The premise is that it was too hard to score in the 90's for a mid-efficiency player on a bottom offensive team with no other scorers to take a lot of shots and score a lot of points, but it was EASIER to score in every 90's season except for ONE than it was in 00-01. If your argument was simply that Stackhouse couldn't score 29.8 ppg in the lockout season, yea, of course, because there was a lot of sucking in general that year.
Pippen in the quoted video just talks about how it is more difficult to defend individually in general, yup, they are also comparing to around 15 years later, and Pippen really just mainly mentions that it made it harder for him to defend at 34 years old when a lot of guys were quicker, faster, etc. But the data doesn't show that offenses had any easier time scoring than all the previous seasons before the lockout season than they did in 00-01.
98-99 - Lockout = Crap BasketballLet's also remember that the 98-99 dip in scoring was directly related to the NBA lockout, and the increase in 99-00 was not simply because a rule changed. In addition, 98-99 was an outlier compared to the rest of the 90's in itself.

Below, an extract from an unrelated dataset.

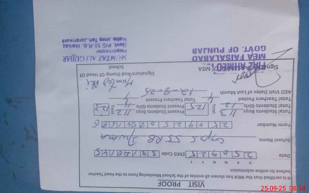 | Name: MU**** AL**** Designation: (School Headmaster's/Headmistress's) PST/PTC/JV Phone/Cell Number: 03**** |

It is well documented that many players didn't come back in shape and there were enough unprepared participants that it affected production. We still saw a dip in 11-12 even though teams were better prepared and many were saying "we won't let the same thing as 98-99 happen". While players were mostly far better prepared, you still have the condensed schedule issues to factor into performance.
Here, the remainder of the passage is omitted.